Jesús nos llama a ser sal de la tierra, es decir, nos llama a darle sabor cristiano a nuestra ciudad, estado y nación, en una palabra, a nuestra sociedad. Si hacemos un sincero examen de conciencia de todas nuestras actividades, negocios y forma de trabajar, podremos concluir si le estamos dando al mundo un sabor cristiano o pagano.
También Jesús nos llama a ser luz del mundo, es decir, a vivir de tal manera que nuestra conducta ilumine a otros orientándolos sobre lo que es correcto.
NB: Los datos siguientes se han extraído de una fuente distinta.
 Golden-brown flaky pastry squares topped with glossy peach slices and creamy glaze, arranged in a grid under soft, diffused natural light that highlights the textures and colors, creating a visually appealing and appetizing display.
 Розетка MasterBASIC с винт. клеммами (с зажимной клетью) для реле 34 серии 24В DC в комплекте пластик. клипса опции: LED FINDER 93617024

Hay tantas cosas malas que se hacen “en lo oscurito”, en lo escondido. En cambio, lo bueno no debe presumirse, aunque tampoco debe esconderse, ya que es muy conveniente que propongamos a los niños y jóvenes los muchos ejemplos de personas honradas y buenas, que a lo mejor nadie ha tomado en cuenta en los libros de historia, pero que son verdaderos héroes. Las vidas luminosas las encontramos en nuestras familias, y desde luego, en la Iglesia, no sólo en los santos canonizados. Hay que poner en alto todos los buenos ejemplos.
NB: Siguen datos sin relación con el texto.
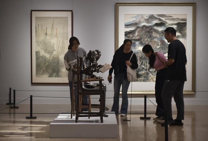 Des visiteurs admirent l'exposition nationale d'art Xieyi "Honorer l'esprit : hommage aux classiques" au Musée national des beaux-arts de Chine à Beijing, capitale de la Chine, le 27 septembre 2025. L'exposition a ouvert ses portes samedi et présente près de 600 ?uvres d'art.

Pasando a la segunda lectura, tomada de la Primera Carta a los Corintios, san Pablo da testimonio de lo nervioso que estaba al llegar a predicarle a esa comunidad, porque ellos conocían la elocuencia y sabiduría de sus grandes filósofos y hombres ilustres. De todos modos, san Pablo no quiso competir contra aquellos sabios, sino que se propuso predicar el Evangelio “por medio del Espíritu y el poder de Dios” (1Cor, 2, 4) y no por medio de la sabiduría humana. Tengamos mucho cuidado de que todo lo que hemos leído o estudiado no se nos vaya a subir a la cabeza, porque nada hay más sabio que el contenido del Evangelio, así como las buenas enseñanzas de nuestros padres y demás antepasados.
En este día damos comienzo en Yucatán a la tradicional Semana de la Familia que este año lleva por título: “Reconstruir la Familia para Construir la Paz”. La institución familiar ha sido dañada de múltiples maneras en los últimos tiempos. Los niños que crecen en ambientes familiares violentos, así como los que sufren el abandono de uno de sus progenitores o de ambos, tienen grandes posibilidades de que al crecer no les importe reproducir la violencia en contra de cualquier persona. Hay mucho qué hacer por las familias. Definimos que reconstruir las familias dañadas por la violencia y por las ideologías de moda, ayuda mucho a construir la paz.
Pidamos a la Sagrada Familia, constituida por Jesús, María y José, por todas las familias de Yucatán. Ayudemos en cuanto podamos, a reconstruir las familias, lo cual significa construir la paz.
Que tengan todos una feliz semana. ¡Sea alabado Jesucristo!